As it is apparent from the explanation above, PQC algorithms are the standard of the future in the digital world as they provide essential security to financial transactions and private communications [25]. To study the scope, relationships, and recent trends of the PQC algorithms, bibliometric analysis on PQC will provide a way to understanding the trends, advancements, and impact of research in this field [26]. It provides researchers and practitioners with useful insights into the rise and progress of PQC research. However, one of the main reasons to conduct bibliometric in PQC is to determine emerging trends and future research directions [27, 28]. By monitoring the publication volume during the years and investigating keyword co-occurrences, it will become clear what is happening in the PQC landscape and how new cryptographic primitives, protocols, and implementation methods are evolving.
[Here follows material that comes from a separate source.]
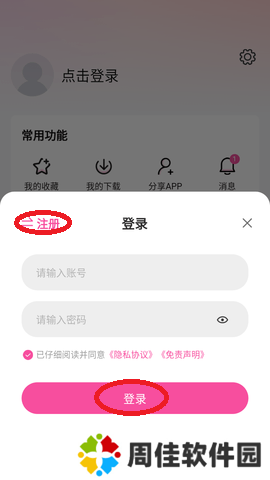1、在本页面点击下载该软件,进入APP,点击“我的”,再点击上方登录按钮;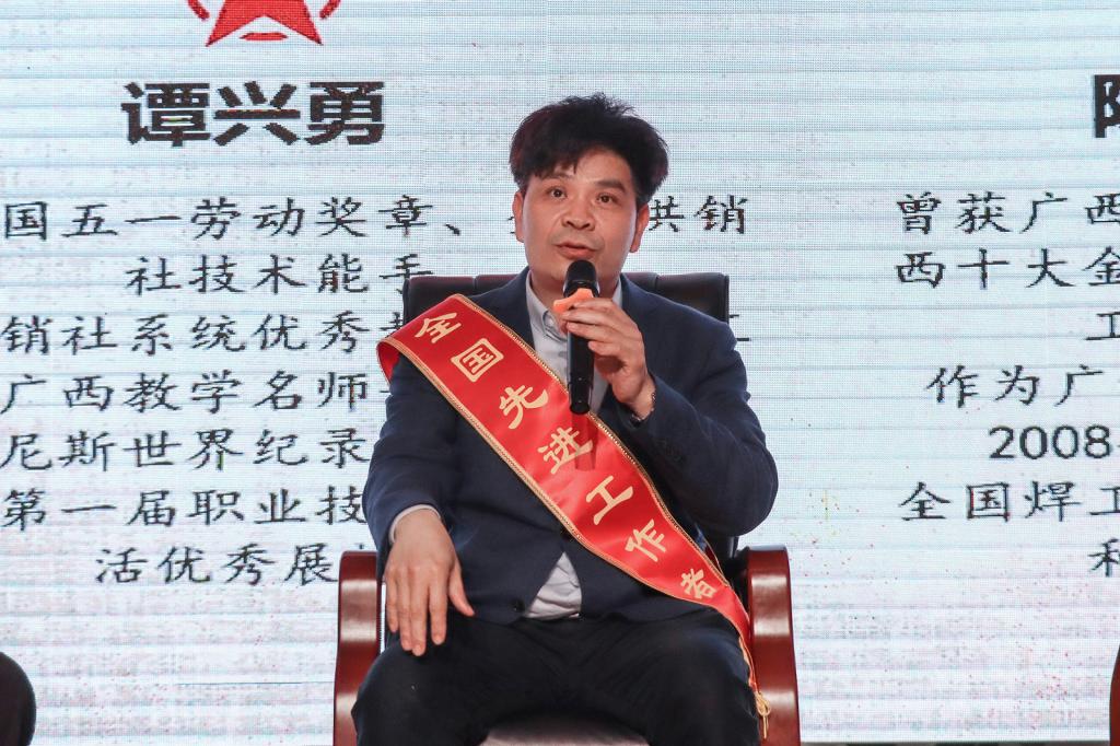 在采访来自桂林石油六公司、曾获“全国劳动模范”的电焊高级技师陈君龙时,他谈起了自己20多年的电焊工作经历,并分享了个人“快枪手四步伐”焊接法的工作成效。现场同学们表示,作为一个迎难而上的技术能手,陈工能和工友们一起成立了创新工作室,并开发和推广了焊接技术成果奖100多项,这些成果都来源于他多年来对电焊工作的热爱和坚持。

Furthermore, bibliometric analysis will show interdisciplinary cooperation and the role of integration of different research communities, including cryptography, mathematics, computer science, and quantum physics [29]. In addition, bibliometric analysis and science mapping helps in finding out the influence of research contributions [30, 31]. It helps in identifying papers with a good number of citations, and it also helps in finding out influential authors and seminal works that have heavily influenced the field [32, 33]. Furthermore, bibliometric analysis can also aid in finding out the dissemination channels and publication venues that are chosen by researchers of the PQC community. By analysing journal publication records and trends, conference publication records and trends, and preprint archives, it can provide a clear understanding to researchers with visibility and impact of the publication outlet within the field [34]. It can be used by researchers for publishing their papers and can also be used by academic institutions and funding agencies for finding out the impact of the PQC research contributions.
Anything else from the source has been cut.